##### EXERCISE MATERIAL #####

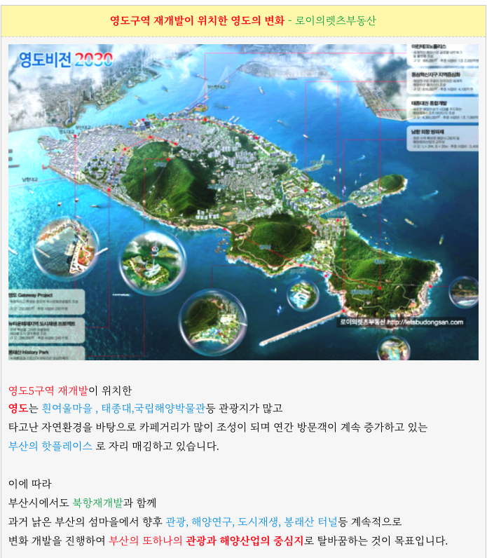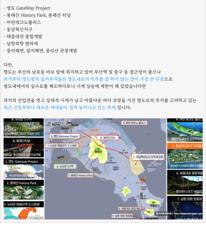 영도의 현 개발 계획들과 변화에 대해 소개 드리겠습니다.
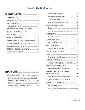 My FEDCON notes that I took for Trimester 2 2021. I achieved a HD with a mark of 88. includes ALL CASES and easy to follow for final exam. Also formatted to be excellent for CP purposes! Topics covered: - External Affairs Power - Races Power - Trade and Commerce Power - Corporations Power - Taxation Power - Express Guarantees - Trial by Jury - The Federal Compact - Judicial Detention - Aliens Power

#####
##### EXERCISE MATERIAL #####

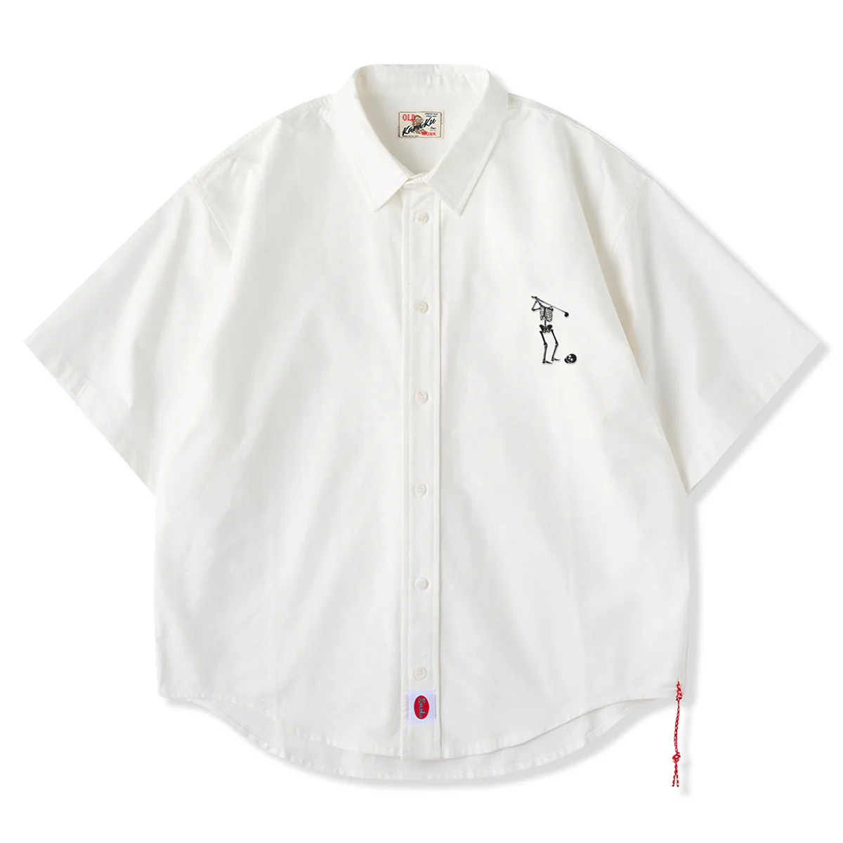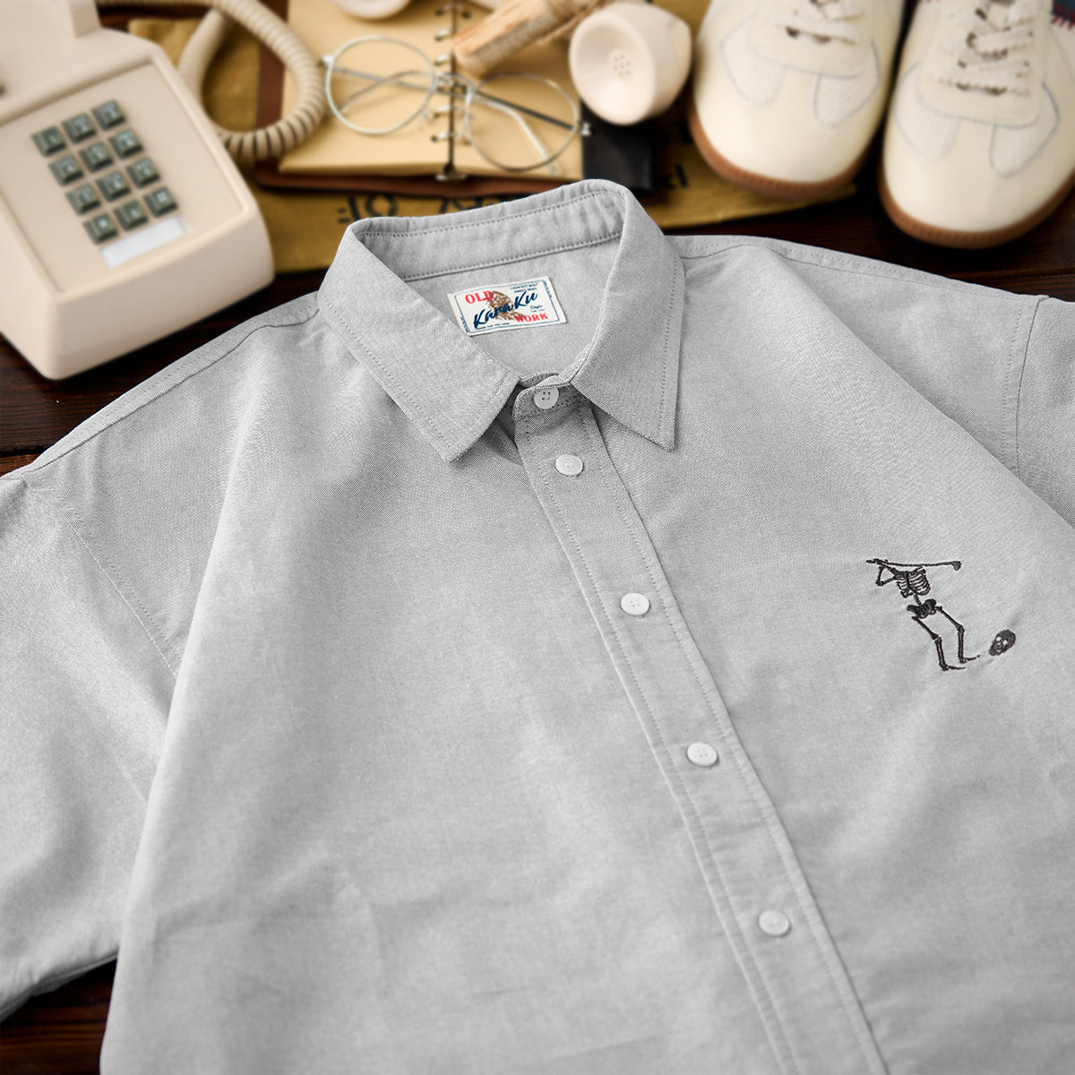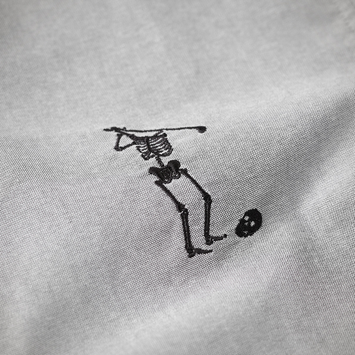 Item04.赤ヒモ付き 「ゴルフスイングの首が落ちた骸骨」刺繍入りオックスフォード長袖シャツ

#####

_YOUR OBJECTIVE:_ Using the data above, print only the lines starting at the one with "영도의 현 개발 계획들과 변화에 대해 소개 드리겠습니다." and ending at the one with "My FEDCON notes", exactly as they stand, minus the pictures.

_EXERCISE RESPONSE:_
 영도의 현 개발 계획들과 변화에 대해 소개 드리겠습니다.
 My FEDCON notes that I took for Trimester 2 2021. I achieved a HD with a mark of 88. includes ALL CASES and easy to follow for final exam. Also formatted to be excellent for CP purposes! Topics covered: - External Affairs Power - Races Power - Trade and Commerce Power - Corporations Power - Taxation Power - Express Guarantees - Trial by Jury - The Federal Compact - Judicial Detention - Aliens Power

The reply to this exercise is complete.